8. Communicate, communicate, communicate.
So many problems in the workplace can be avoided or mitigated with clear, honest communication and setting the right expectations up front. Don’t make assumptions about what somebody wants or assume that they know what you want without having a conversation about it. Ask questions (even if you think they’re stupid) and offer feedback if someone doesn’t deliver what you asked for.
9. Responsiveness goes a long way.
Your fellow journalists will tell you you’re crazy for responding to every single PR email you get and explaining why you can’t use their pitch. Don’t stop doing it. You’re building strong relationships and some of those PR people will go on to become your clients.
10. Your coworkers can become some of your closest friends.
Even if you work remotely, you’ll inevitably develop some close relationships with the people you work with. Treasure and lean on these people, because they’re the only ones who understand your exact workplace challenges and dynamics. You also never know when you may be able to help each other, even after you leave the company.
11. It’s weird and hard to go from peer to manager.
You may end up managing people who used to be at your level. It’s an uncomfortable transition, you might have to walk back on some “friend” aspects of your professional relationship. Take it in stride and don’t be too hard on yourself if you overstep from time to time.
12. ‘Venting’ does not equal addressing problems.
Never, ever badmouth a coworker, executive, client, etc. to your employees or peers. Find a professional, diplomatic way to communicate concerns directly to the person you’re struggling with. You’re going to mess this one up a lot. Keep working on it.
13. Don’t settle for a bad offer.
Whether it’s a salary or a client contract, there will always be people and companies who don’t want to pay you market value for your skills and experience. Push back and fight for a higher rate. If they still say no, it’s okay to walk away.

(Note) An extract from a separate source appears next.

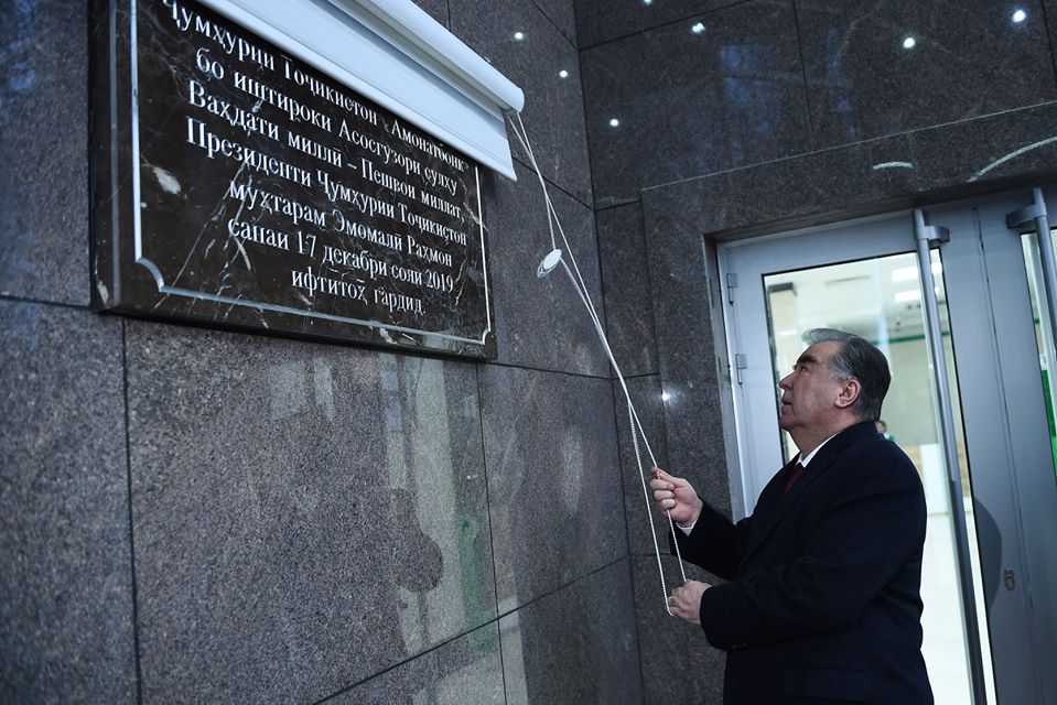 Президент Таджикистана Эмомали Рахмон сегодня, 17 декабря, сдал в эксплуатацию новое здание правления Государственного сберегательного банка республики «Амонатбанк», который возведен на столичном проспекте Рудаки.

14. Employer benefits aren’t everything.
You’ll meet a lot of people who are scared to leave their corporate job because they don’t want to lose their health insurance or 401(k). Don’t let that fear stop you — there are ways to get those things without having a corporate job.
15. Pay it forward.
You’re going to have a lot of help getting your career off the ground. When you have the opportunity and authority to help someone else get their foot in the door, don’t pass it up.

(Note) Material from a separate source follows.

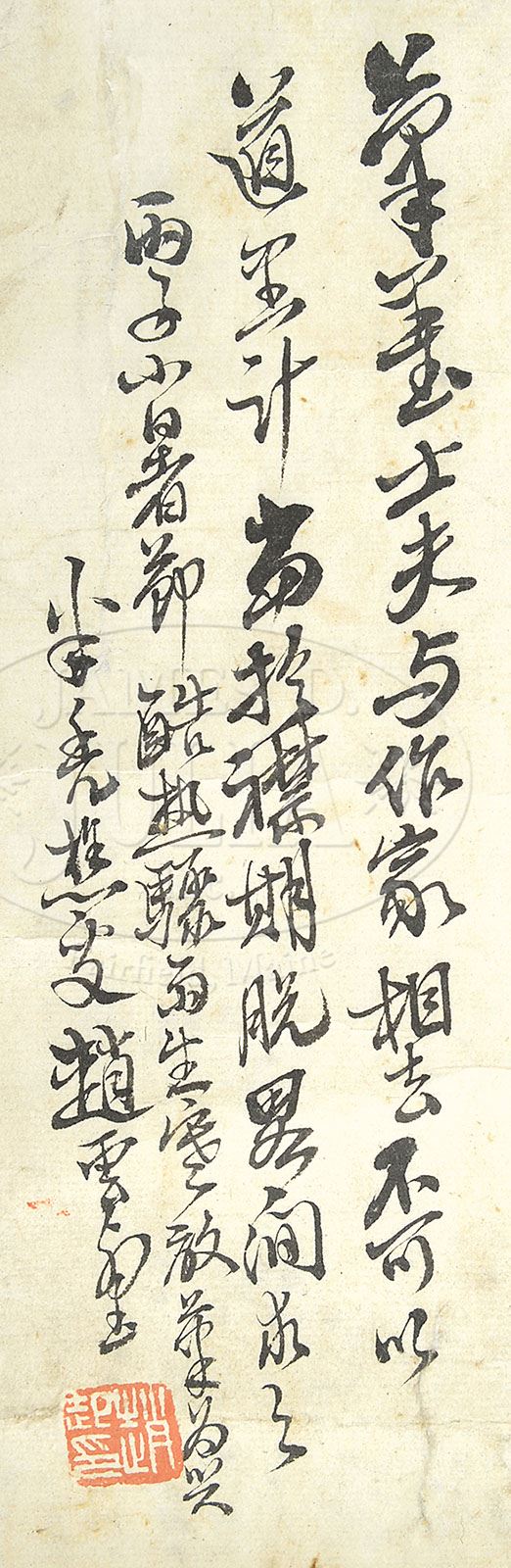 TWO HANGING SCROLLS. China. 1) Attributed to Huang Huanwu (1906-1985), ink and colors on paper, depicting a boatman sailing under willows, dated, signed “Hanseng,” with two seals “Huanwu” and “Huang Huanwu yin,”. 2) In the manner of Zhao Qi, ink and colors on paper, depicting a recluse contemplating under and old pine in a mountainous landscape, inscribed, dated “summer of bingzi year,” signed “Bantu qiaosou Zhao Yunhe,” with two seals. SIZE: 1) 38-1/2″ x 13-1/4″. 2) 27″ x 13-3/4″. CONDITION: 1) Tear to the top mount. 2) Creases, minor stains, without scroll ends. 9-92449 (800-1,000)

16. Running a business is really hard.
It’s absolutely worth it…but it’s going to take a lot of late nights, lost weekends, stress, and complicated tax and legal research to keep your business going. Find healthy ways to cope with that stress. Therapy helps.
17. Running a business with your spouse/partner is harder.
Not every couple is meant to run a business together (you’ll learn that after your first failed business with your ex). Even if you can make it work, it will inevitably test your relationship. Don’t forget to be a couple and set aside sacred “no work talk” time.
18. Don’t get too comfortable.
Always keep an eye on what else is out there. You never know when a big client will drop you or your company will be forced to make staffing cuts.
19. With every new experience, you’ll learn something you didn’t know before.
Never walk into a situation — an interview, a new job, a sales call, a client meeting, etc. — thinking you know exactly how it’s going to go. Keep your mind and ears open, and be ready to listen to whatever this experience has to teach you.
20. You’re not going to have all the answers when you’re 30.
Or 40. Or 50. Or ever. We are all works in progress, and nobody really knows what they’re doing 100% of the time. The best you can do is keep working at something and getting advice from others who have been there until you become confident in your own abilities. Then, pass your knowledge on to someone else and help them grow, too.